We used a single thickness for the epidermis and the dermis and only one typical wavelength-dependent scattering value and anisotropy for skin in the Monte Carlo simulation to derive the regression Equations (14) and (15) for the concentrations of melanin C and total blood C. We also assumed a single thickness for the epidermis and the dermis in the Monte Carlo simulation. Diffusely reflected light from the skin will increase as the absorption of light in skin becomes small and will increase as the scattering coefficient μ (λ) becomes small. Thus, if the scattering coefficients μ (λ) of a sample are larger than the typical values used in the Monte Carlo simulation, the regression model will underestimate the chromophore concentrations. Diffusely reflected light from the skin will also increase as the anisotropy factors g(λ) decrease. Therefore, if the anisotropy factors g(λ) of a sample are larger than the typical values, the regression model will underestimate the chromophore concentrations. The probability that light is absorbed by melanin in the epidermis will be higher than the probability that light is absorbed by blood in the dermis as the epidermis becomes thicker. Therefore, if the thickness t of the epidermis is larger than the typical values, then the concentration of melanin in the epidermis or that of blood may be under- or overestimated, respectively. Hence, the measurements could be varied with the changes in the scattering coefficients μ (λ), the anisotropy factors g(λ), and the thickness t of each layer. Studies on the Monte Carlo simulation model with the variations in the scattering coefficients, the anisotropy factors, and the thickness of each layer would strength the method in the future. We will investigate the regression equations involving those variations further in future work.
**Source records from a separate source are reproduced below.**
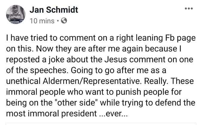 The gift that keeps on giving has given more. I know, how does Representative Jan Schmidt do it? She has taken to Facebook, opened her precious yap, and is now dumbfounded by the response to her sharing “a joke” about crucifying another human being.
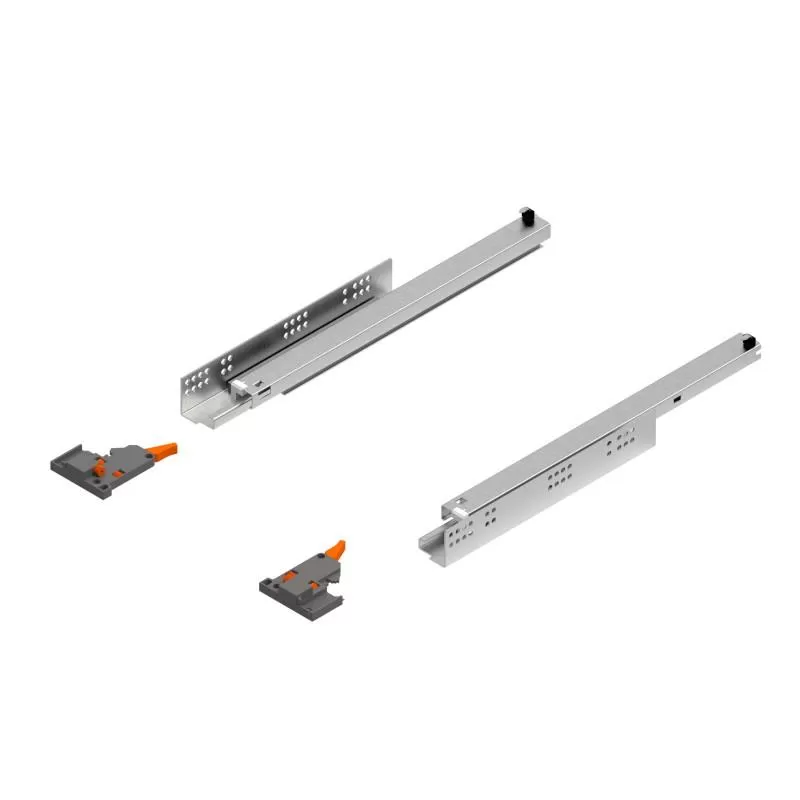 Prowadnica do szuflad drewnianych dolnego montażu z systemem dociągu oraz cichego domyku, pełny wysuw - wersja bez synchronizacji przeznaczona do mniejszych obciążeń (30kg)
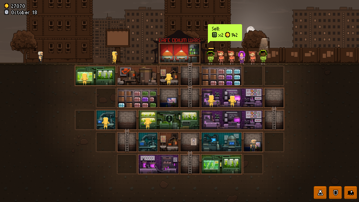 В Basement вы — мастер своего подпольного царства. Вам предстоит не только смешивать химикаты и создавать «специальный продукт», но и выстраивать целую производственную цепочку: от закупки сырья до продажи готового товара через фальшивые магазины-прикрытия. Это настоящий симулятор нарколорда для новичков! Вы будете нанимать работников (надеясь, что они не болтуны), модернизировать оборудование, чтобы повысить чистоту продукта, и манипулировать ценами на черном рынке. И все это под постоянной угрозой, что вашу лабораторию накроет полиция или, того хуже, ФБР. Каждая игровая сессия — это новый вызов, где вам нужно балансировать между прибылью и безопасностью.

Although there were some artifacts due to the shade originating from the curved and irregular surface of fingers, lateral distributions of C,C and StO2 and their responses to the occlusions were successfully visualized.

Conclusions

In summary, a method for estimating melanin concentration, blood concentration, and tissue oxygen saturation in human skin based on spectral reflectance images reconstructed from a single snap shot of an RGB image by WEM is demonstrated in the present report. Experiments with phantoms demonstrated the validity of the proposed imaging method for visualization of chromophore contents. In vivo experiments confirmed the ability of the method to monitor chromophore contents and physiological changes in human skin tissue. The results of the present study demonstrate the possibility of evaluating the hemodynamics of subsurface skin tissue. The great advantages of this method are its simplicity and applicability, because the only devices required are a digital RGB camera with a known color profile, a white light source, and a personal computer. The total cost of our system was approximately $4,000. We expect to further extend this method in order to investigate the physiological and clinical indices of blood flow, such as the arterial inflow rate, the venous capacitance, and the maximum venous outflow.